Now the number of seconds in a year is approximately 31,540,000 (give or take depending on leap year and the like).  Thus, a hamster with infinite stamina and no need to sleep could produce about 15,770,000 joules or 15.77 Megajoules per year.  This means it would take approximately 2,465 such hamsters to provide the needed electricity to power a typical American home for a year.
Of course, hamsters with infinite stamina and with no need to sleep do not exist, so what about using real hamsters?
It’s estimated that a typical hamster will spend about 5% of their time exercising. Thus, instead of around 15.77 Megajoules per year, we can reasonably expect about 0.8 Megajoules per year per hamster.

A more effective option is human power—such as this California gym that gets some of its electricity from its clients’ workouts.
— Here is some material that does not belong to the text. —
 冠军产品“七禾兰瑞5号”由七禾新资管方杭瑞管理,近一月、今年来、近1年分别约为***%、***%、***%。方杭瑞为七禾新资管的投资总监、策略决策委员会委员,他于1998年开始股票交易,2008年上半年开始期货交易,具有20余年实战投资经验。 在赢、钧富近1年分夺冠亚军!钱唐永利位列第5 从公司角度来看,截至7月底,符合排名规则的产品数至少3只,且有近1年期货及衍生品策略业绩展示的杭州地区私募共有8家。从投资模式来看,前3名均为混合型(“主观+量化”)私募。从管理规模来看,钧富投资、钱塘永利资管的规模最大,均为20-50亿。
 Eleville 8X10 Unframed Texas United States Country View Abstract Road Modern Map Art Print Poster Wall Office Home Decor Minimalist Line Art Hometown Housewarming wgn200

This Week in Printing, Publishing, and Media History

October 29

1969: The first-ever computer-to-computer link is established on ARPANET, the precursor to the Internet.

October 30

1885: American poet Ezra Pound born.

1938: Legitimately fake news—Orson Welles broadcasts his radio play of H. G. Wells’ The War of the Worlds, causing anxiety in some of the audience in the United States.

October 31

1795: English poet John Keats born.

1963: English singer-songwriter and guitarist Johnny Marr born.

November 1

1512: The ceiling of the Sistine Chapel, painted by Michelangelo, is exhibited to the public for the first time.
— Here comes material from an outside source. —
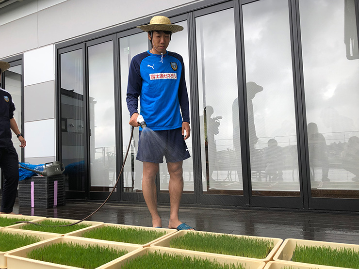 早速、アンちゃんからひと言。「残念ながら選手たちは行けませんが、僕らが大切に育てた苗をみなさんに託すので、大切に田植をしてきてください!!」と苗に選手たちの想いのせて、参加者に手渡していました。

1604: William Shakespeare’s tragedy Othellois performed for the first time, at Whitehall Palace in London. A few years later...

1611: Shakespeare’s play The Tempest is performed for the first time, again at Whitehall Palace in London.

1941: American photographer Ansel Adams takes a picture of a moonrise over the town of Hernandez, New Mexico that would become one of the most famous images in the history of photography.

1968: The Motion Picture Association of America's film rating system is officially introduced, originating with the ratings G, M, R, and X.

November 2

1920: KDKA of Pittsburgh starts broadcasting as the first commercial radio station.

1936: The British Broadcasting Corporation initiates the BBC Television Service, the world’s first regular, “high-definition” (then defined as at least 200 lines) service. It was renamed BBC1 in 1964.

1960: Penguin Books is found not guilty of obscenity in the trial R v Penguin Books Ltd, the Lady Chatterley’s Lovercase.

1988: The Morris worm, the first Internet-distributed computer worm to gain significant mainstream media attention, is launched from MIT.

November 3

1838: The Times of India, the world’s largest circulated English language daily broadsheet newspaper, is founded as The Bombay Times and Journal of Commerce.  

November 4

1922: British archaeologist Howard Carter and his men find the entrance to Tutankhamun’s tomb in the Valley of the Kings.